Source material START
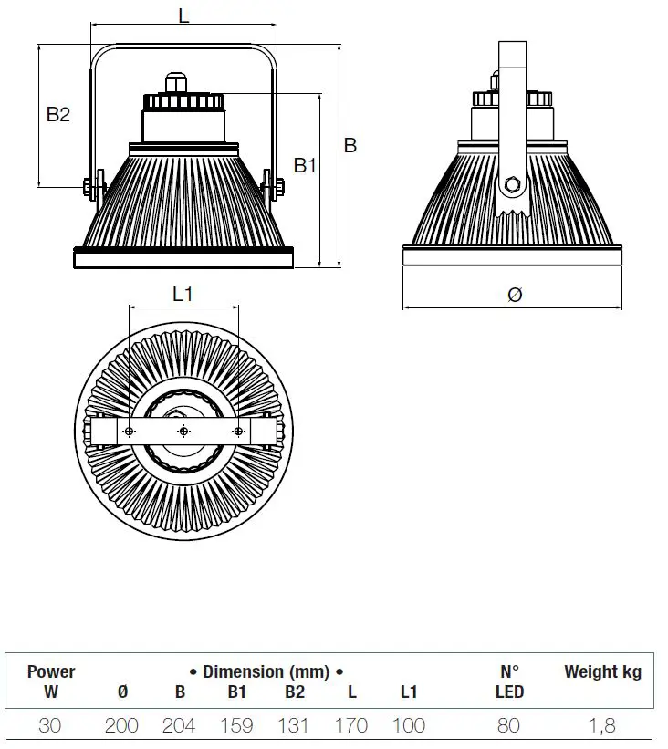 LED světlomet s tělem, které je tvořeno hliníkovým pod tlakem lisovaným odlitkem a zadním šroubovacím krytem z polymeru pro rychlý přístup do kabelového prostoru. Stupeň ochrany je udržován vysoko díky silikonovému těsnění. Kyselinou leptané tvrzené sklo zabraňuje oslnění.
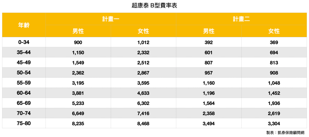若擔心年老時的保費壓力,建議可以選擇 B型計畫一或計畫二。
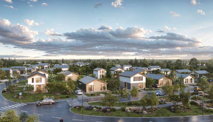 На территории площадью 645 гектаров компания возведёт свыше 1,4 домов в едином стиле. Архитектурная концепция отличается выразительностью и основывается на принципах простоты и функциональности. Все здания выполняют в стиле "барнхаус", благодаря чему они выглядят современно и лаконично. Фасады коттеджей выполнят с использованием различных материалов, среди которых штукатурка светлых и серых оттенков, плитка "под кирпич". Выбранная цветовая гамма отлично вписывает дома в окружающую среду. Здания возводят из газобетона, такой материал обеспечивает надежность, тепло- и энергоэффективность.
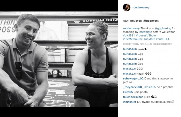 Ронда Роузи поблагодарила Головкина за поддержку перед титульным боем Фото со страницы Twitter GGG
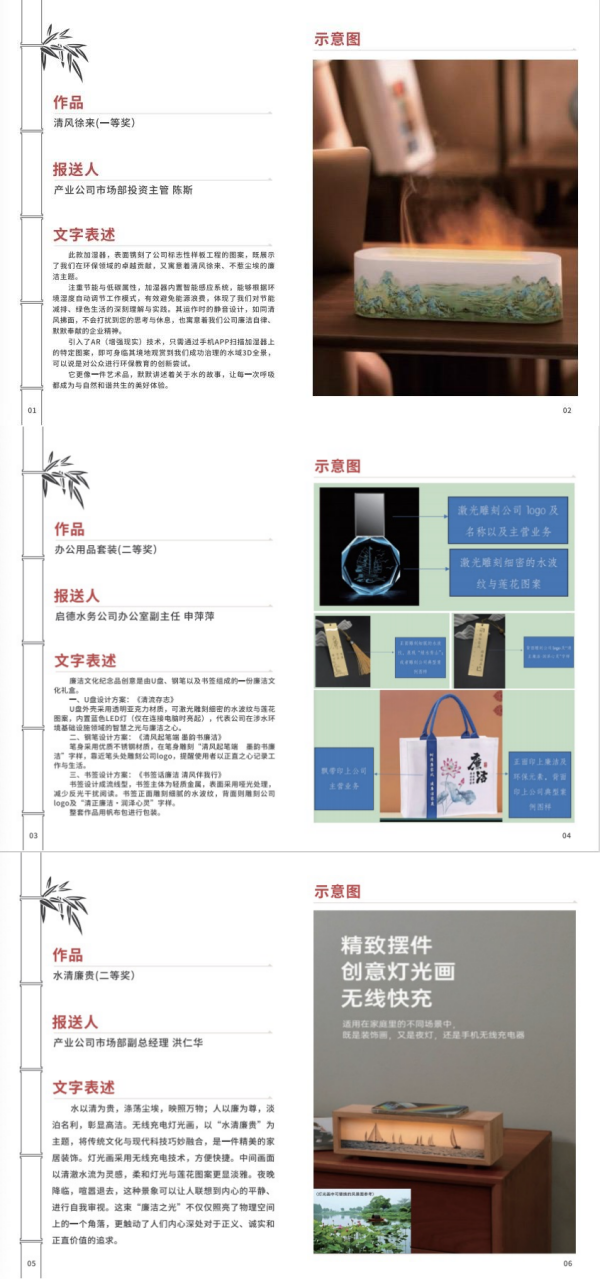 本次活動(dòng)以“清風(fēng)廉韻 匠心傳承”為主題,通過全員參與、寓教于創(chuàng)的形式,深度挖掘廉潔文化創(chuàng)意內(nèi)涵,可謂是一場精彩絕倫的思想碰撞。投稿作品涵蓋了辦公用品、文創(chuàng)擺件、數(shù)字產(chǎn)品、生活家居等多個(gè)領(lǐng)域,融匯了蓮花、翠竹、清泉、水晶、茶葉等多種廉潔文化符號(hào),彰顯了廉潔主題和公司主責(zé)主業(yè),廉潔創(chuàng)意與實(shí)物載體相結(jié)合,具有較好的使用價(jià)值和警示教育意義。其中一等獎(jiǎng)作品《清風(fēng)徐來》創(chuàng)意,以加濕器為載體,通過巧妙的構(gòu)思融入廉潔元素和公司主業(yè),既傳達(dá)了節(jié)能低碳的環(huán)保理念,又運(yùn)用AR技術(shù)和內(nèi)置感應(yīng)系統(tǒng),展示產(chǎn)業(yè)公司在涉水環(huán)保領(lǐng)域所做出的卓越貢獻(xiàn),向使用者生動(dòng)講述了關(guān)于水和廉潔的故事,也讓每一次呼吸都成為人與自然和諧共生的美好體驗(yàn)。
Source material END
* **Task goal**: An exact transcript of the listing is needed, free of pictures.

* **Completed exercise**:
 LED světlomet s tělem, které je tvořeno hliníkovým pod tlakem lisovaným odlitkem a zadním šroubovacím krytem z polymeru pro rychlý přístup do kabelového prostoru. Stupeň ochrany je udržován vysoko díky silikonovému těsnění. Kyselinou leptané tvrzené sklo zabraňuje oslnění.
若擔心年老時的保費壓力,建議可以選擇 B型計畫一或計畫二。
 На территории площадью 645 гектаров компания возведёт свыше 1,4 домов в едином стиле. Архитектурная концепция отличается выразительностью и основывается на принципах простоты и функциональности. Все здания выполняют в стиле "барнхаус", благодаря чему они выглядят современно и лаконично. Фасады коттеджей выполнят с использованием различных материалов, среди которых штукатурка светлых и серых оттенков, плитка "под кирпич". Выбранная цветовая гамма отлично вписывает дома в окружающую среду. Здания возводят из газобетона, такой материал обеспечивает надежность, тепло- и энергоэффективность.
 Ронда Роузи поблагодарила Головкина за поддержку перед титульным боем Фото со страницы Twitter GGG
 本次活動(dòng)以“清風(fēng)廉韻 匠心傳承”為主題,通過全員參與、寓教于創(chuàng)的形式,深度挖掘廉潔文化創(chuàng)意內(nèi)涵,可謂是一場精彩絕倫的思想碰撞。投稿作品涵蓋了辦公用品、文創(chuàng)擺件、數(shù)字產(chǎn)品、生活家居等多個(gè)領(lǐng)域,融匯了蓮花、翠竹、清泉、水晶、茶葉等多種廉潔文化符號(hào),彰顯了廉潔主題和公司主責(zé)主業(yè),廉潔創(chuàng)意與實(shí)物載體相結(jié)合,具有較好的使用價(jià)值和警示教育意義。其中一等獎(jiǎng)作品《清風(fēng)徐來》創(chuàng)意,以加濕器為載體,通過巧妙的構(gòu)思融入廉潔元素和公司主業(yè),既傳達(dá)了節(jié)能低碳的環(huán)保理念,又運(yùn)用AR技術(shù)和內(nèi)置感應(yīng)系統(tǒng),展示產(chǎn)業(yè)公司在涉水環(huán)保領(lǐng)域所做出的卓越貢獻(xiàn),向使用者生動(dòng)講述了關(guān)于水和廉潔的故事,也讓每一次呼吸都成為人與自然和諧共生的美好體驗(yàn)。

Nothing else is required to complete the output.